Beginning at the top of the entries below, retype each line exactly until the line containing "ISTN은 SAP사의 Expert한" has been written out; include no pictures and no later lines.
━━━━━━━━━━━━━━━━
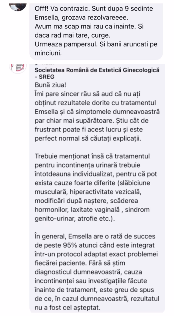 Ioana a ajuns și ea la același doctor pentru aceeași procedură, o combinație de TECAR cu O-Shot. O contaminase entuziasmul de început al Ilincăi*, cu care e prietenă bună. „A fost extrem de dureros și n-a avut niciun rezultat”, rezumă Ioana amar. Nu și-a terminat nici ea pachetul de ședințe plătite în avans și voia să meargă împreună cu Ilinca* să-și ceară banii înapoi și să-l reclame pe doctor. Dar rușinea și neîncrederea că le-ar fi luat cineva în serios le-au tăiat avântul: „O să zică lumea că ești nebună”.
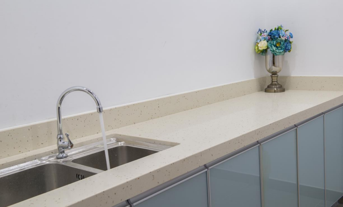 石英石其表面層和材料內部同樣致密均勻,無毛細孔和縫隙,加之內置一定的抗菌素,能夠杜絕細菌的滋生,安全潔凈,可與食品和皮膚等直接接觸,有益食品衛生和人體健康。
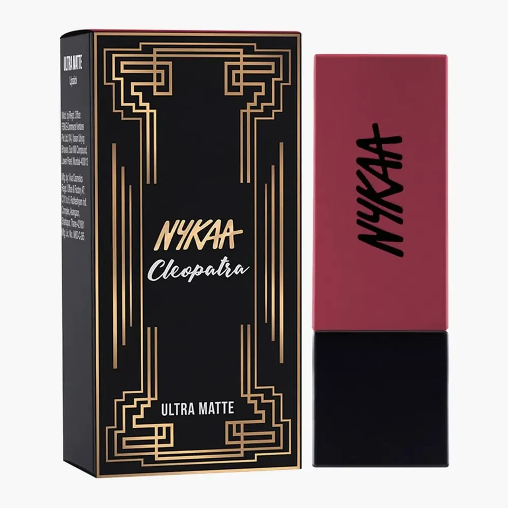 Nykaa Ultra Matte Lipstick in the shade Cleopatra 08 offers a bold, long-lasting, and richly pigmented matte finish. It's designed with a smooth, creamy texture that glides on effortlessly and is enriched with Vitamin E to keep lips nourished. The lipstick delivers intense color payoff with just one swipe and is known for its weightless, non-sticky, and long-lasting formula.
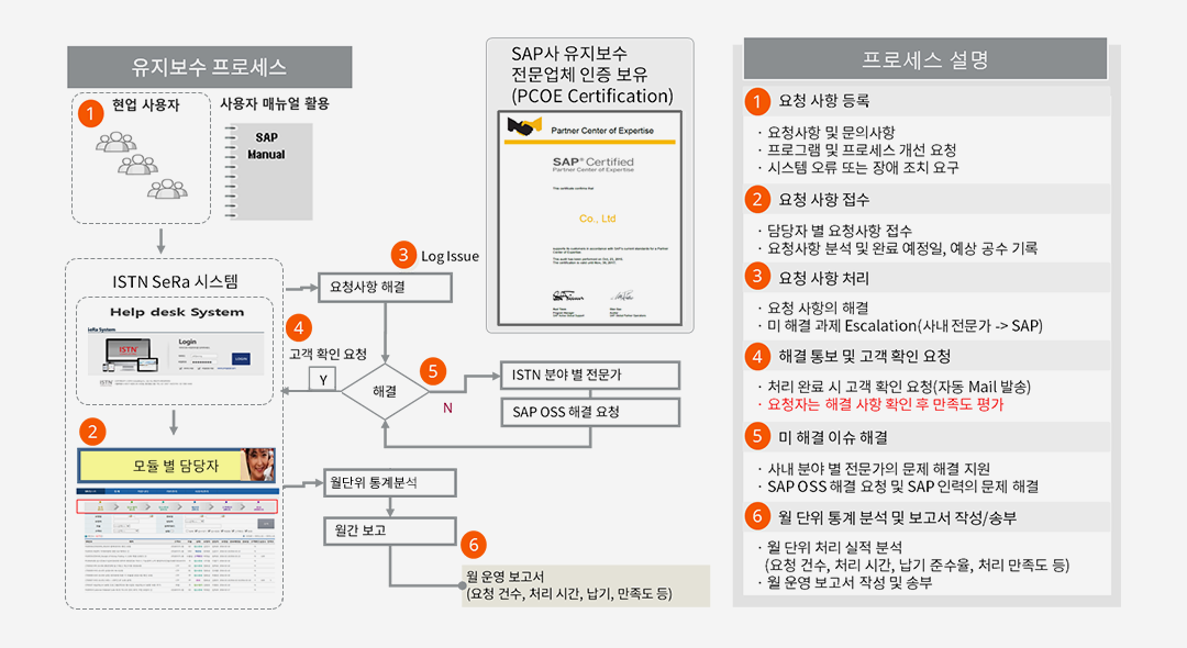 ISTN은 SAP사의 Expert한 유지보수 Partner로 인증 받고 있으며, 고객이 등록한 요청 사항의 접수부터 완료까지 자체 Service Management 시스템을 활용하여 체계적인 절차에 따라 서비스를 수행합니다.
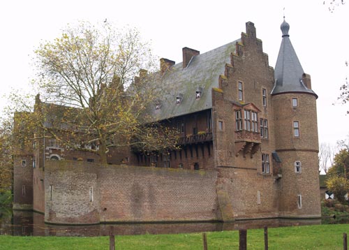 Konradsheim ist heute ein Stadtteil von Erftstadt im Rhein-Erft-Kreis. Die in Backstein ausgeführte Wasserburg befindet sich östlich der Straße von Erftstadt nach Gymnich am Rande einer Golfanlage. Das in Privatbesitz befindliche Schloß, eine Anlage auf regelmäßig quadratischem Grundriß mit vier runden Ecktürmen, Haupthaus an der Südseite mit Treppengiebeln im Westen und im Osten und Torbau an der Ostseite, ist unbewohnt und wird von den Eignern als "Eventburg" für besondere Anlässe vermietet. Der Nordwestturm bildete einst das Eck, ist aber auf Brüstungsniveau gekürzt, so daß heute dort eine Terrasse freien Blick gewährt, wo einst höhere Mauern waren. Die Wasserburg im heutigen Zustand ist das Ergebnis umfangreicher Restaurierungsarbeiten durch die Familie Neisse, die seit 1967 Eigentümer des Burghofes und seit 1976 auch der Burg ist. Die Erbauer der 1337 erstmalig urkundlich erwähnten Burg waren die Herren von Buschfeld (Arnold von Buschfeld war Küchenmeister des Erzbischofs von Köln), danach ging die Burg durch viele verschiedene Hände. Im 19. Jh. war sie baufällig, u. a. war der im Photo rechts zu sehende Turm kollabiert, wie man auf alten Ansichten sehen kann.
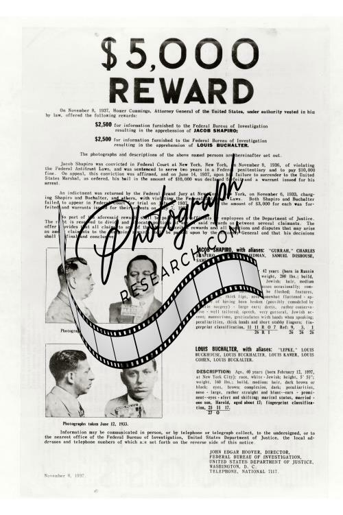 Wanted poster,Jacob Shapiro,Louis Buchalter,1937,reward
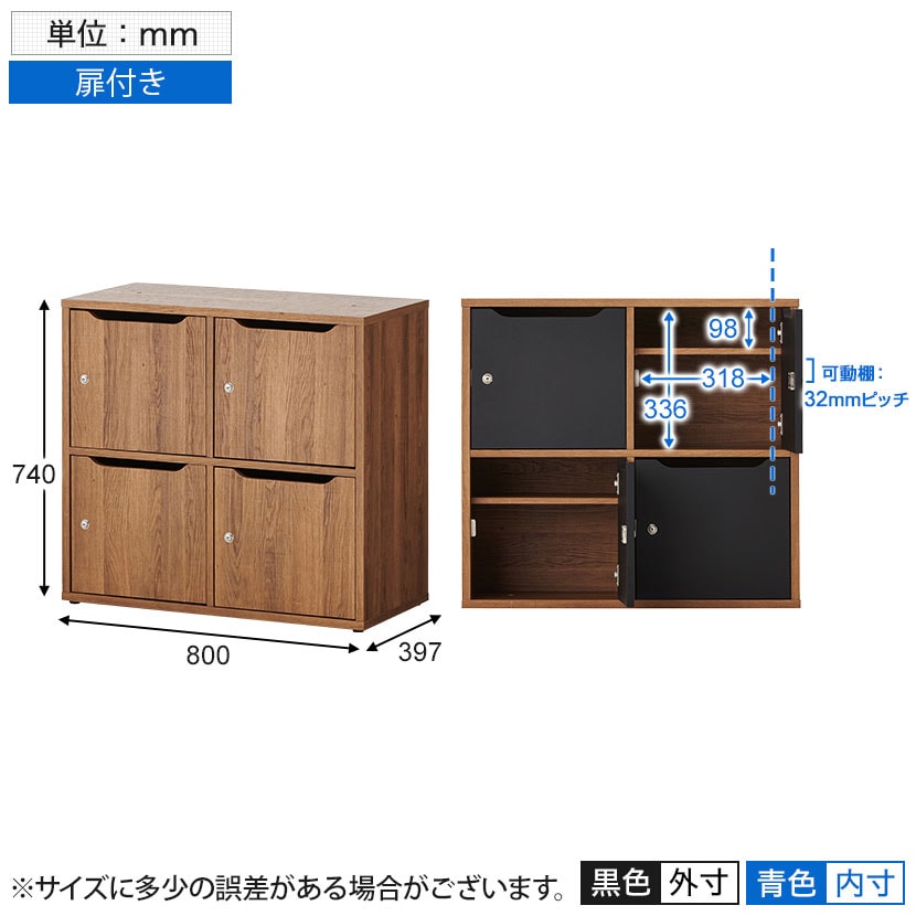 棚板の位置や有無に関係なく、A4サイズの書類を横置きで収納可能。扉を開けた時に、投函された書類も落下しにくい広さがあり、下段には私物を収納できます。
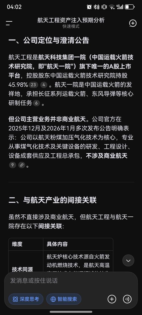 $航天工程(SH603698)$此次任务的核心参与者:执行本次发射的捷龙三号火箭由中国航天科技集团有限公司一院(即中国运载火箭技术研究院)抓总研制;其使用的四级固体发动机由航天科技集团四院提供。 ·航天工程的业务现状:虽然隶属于航天科技集团一院,但其核心主业是煤气化技术及关键设备研发,属于煤炭清洁高效利用领域。航天一院资产注入唯一平台上市公司。
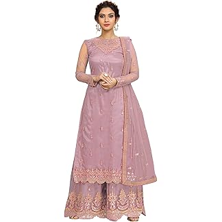 TRENDMALLS Women’s Net Embroidery Salwar Suit Kurta Sharara Set with Dupatta
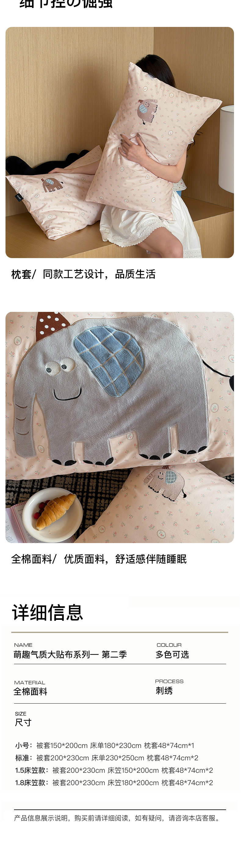 商品名称:(总)卡姿家纺 2026春夏全棉萌趣气质大贴布系列四件套— 第二季
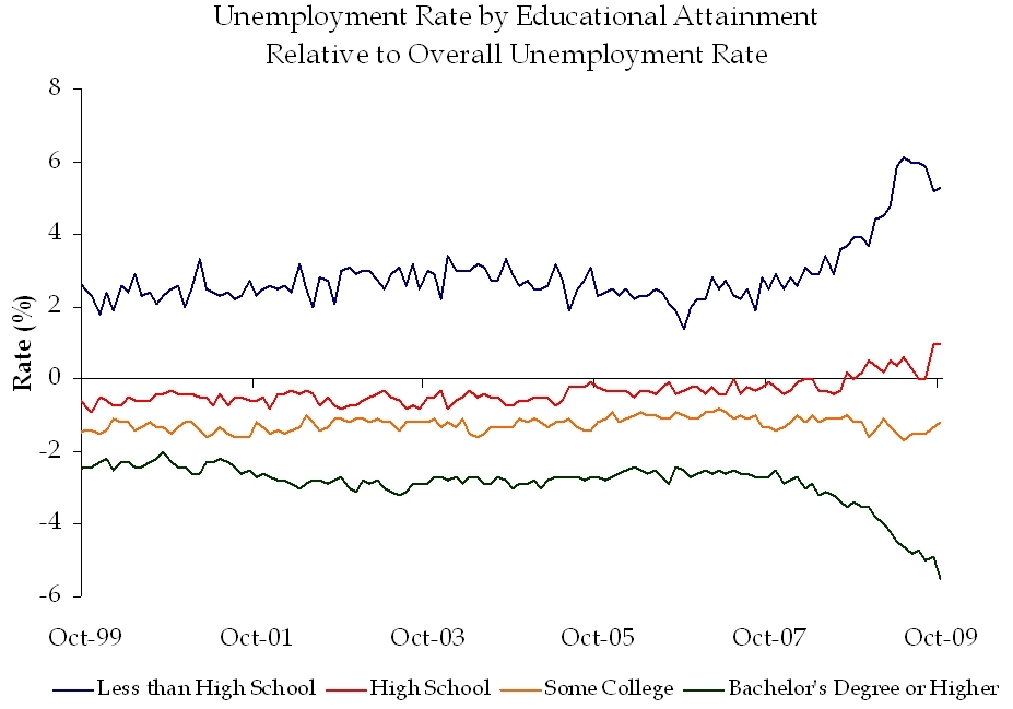 Daß es sich lohnt einen Schulabschluß zu haben ist bestimmt unstrittig - daß aber zudem ein höherer Bildungsabschluß zwar nicht vor Arbeitslosigkeit schützt, deren Eintrittswahrscheinlichkeit aber minimiert zeigt die folgende Abbildung aus U.S.A. ....
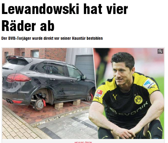 독일 일간지 빌트는 11일(한국시각) 트위터를 통해 4개의 바퀴가 모두 빠진 레반도프스키의 차 사진을 공개했다. 괴한들이 레반도프스키가 자택 앞에 세워둔 차를 들어 올려 바퀴를 빼낸 채 방치한 것이다. 바퀴를 뺀 뒤에는 양 사이드실에 벽돌을 대놓았다. 이로 인해 사이드실을 비롯한 차체 하부가 크게 손상됐으며, 견인과정에서 추가 손상이 일어난 것으로 알려졌다. 레반도프스키의 애마는 포르쉐 카이엔으로, 독일 현지에서 9만6000유로(약 1억4000만원)에 판매되고 있다.
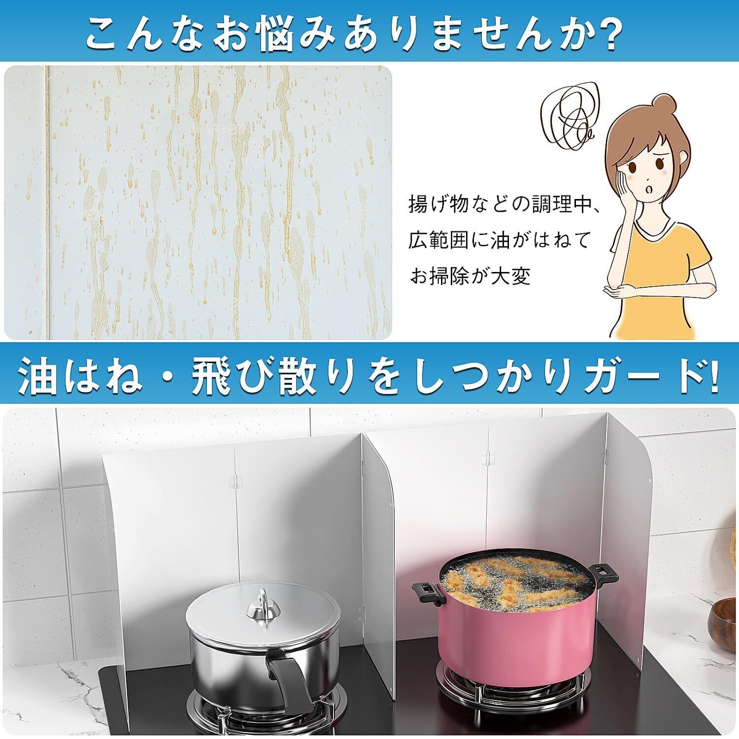 【4枚タイプ·油はね防止機能】このレンジガードは、サイズと形が自由に変えられるので、キッチンの壁に飛び散る料理の油汚れや汁はねを最小限に抑えることができます。また、1つのコンロだけを囲いやすく、適度な重みで安定感があります。シンプルなデザインで繰り返し使えて経済的です。
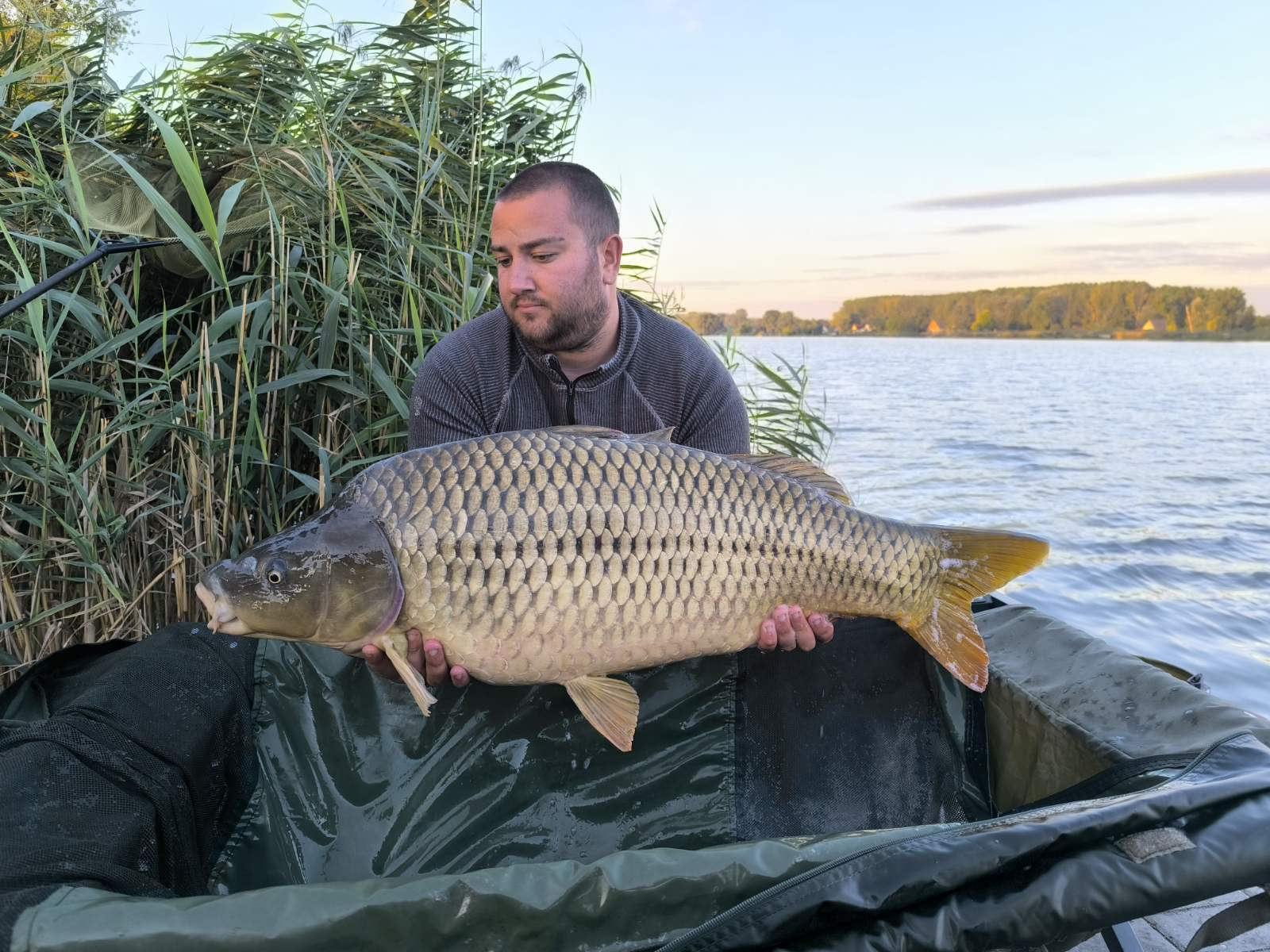 3 m-es 2,75 lbs bot, 0,35-ös monofil zsinór, 2-es horog. Bojli csali és etetés. Erős szél, 10 perces fárasztás partról.
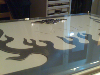 Когда все было готово, моддер просто наложил результат своего труда на крышку ноутбука и сверху прикрыл металл листом плексигласа. Как видим, использование простых и недорогих материалов не помешало blackwolf создать стильный и неповторимый проект.
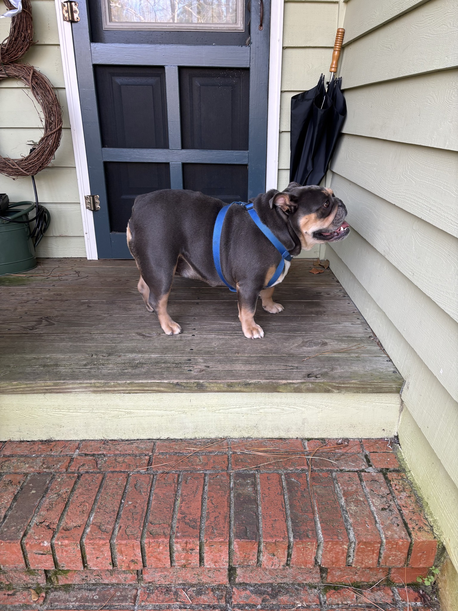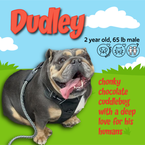 Dudley is a 2-year-old, ~65-pound chocolate bulldog with tan eyebrows, a wiggly butt, and a heart that belongs entirely to his people. His mantra? “I hope they come back soon!”—because this boy truly loves human companionship.
━━━━━━━━━━━━━━━━
*Answer space*:
 Ioana a ajuns și ea la același doctor pentru aceeași procedură, o combinație de TECAR cu O-Shot. O contaminase entuziasmul de început al Ilincăi*, cu care e prietenă bună. „A fost extrem de dureros și n-a avut niciun rezultat”, rezumă Ioana amar. Nu și-a terminat nici ea pachetul de ședințe plătite în avans și voia să meargă împreună cu Ilinca* să-și ceară banii înapoi și să-l reclame pe doctor. Dar rușinea și neîncrederea că le-ar fi luat cineva în serios le-au tăiat avântul: „O să zică lumea că ești nebună”.
 石英石其表面層和材料內部同樣致密均勻,無毛細孔和縫隙,加之內置一定的抗菌素,能夠杜絕細菌的滋生,安全潔凈,可與食品和皮膚等直接接觸,有益食品衛生和人體健康。
 Nykaa Ultra Matte Lipstick in the shade Cleopatra 08 offers a bold, long-lasting, and richly pigmented matte finish. It's designed with a smooth, creamy texture that glides on effortlessly and is enriched with Vitamin E to keep lips nourished. The lipstick delivers intense color payoff with just one swipe and is known for its weightless, non-sticky, and long-lasting formula.
 ISTN은 SAP사의 Expert한 유지보수 Partner로 인증 받고 있으며, 고객이 등록한 요청 사항의 접수부터 완료까지 자체 Service Management 시스템을 활용하여 체계적인 절차에 따라 서비스를 수행합니다.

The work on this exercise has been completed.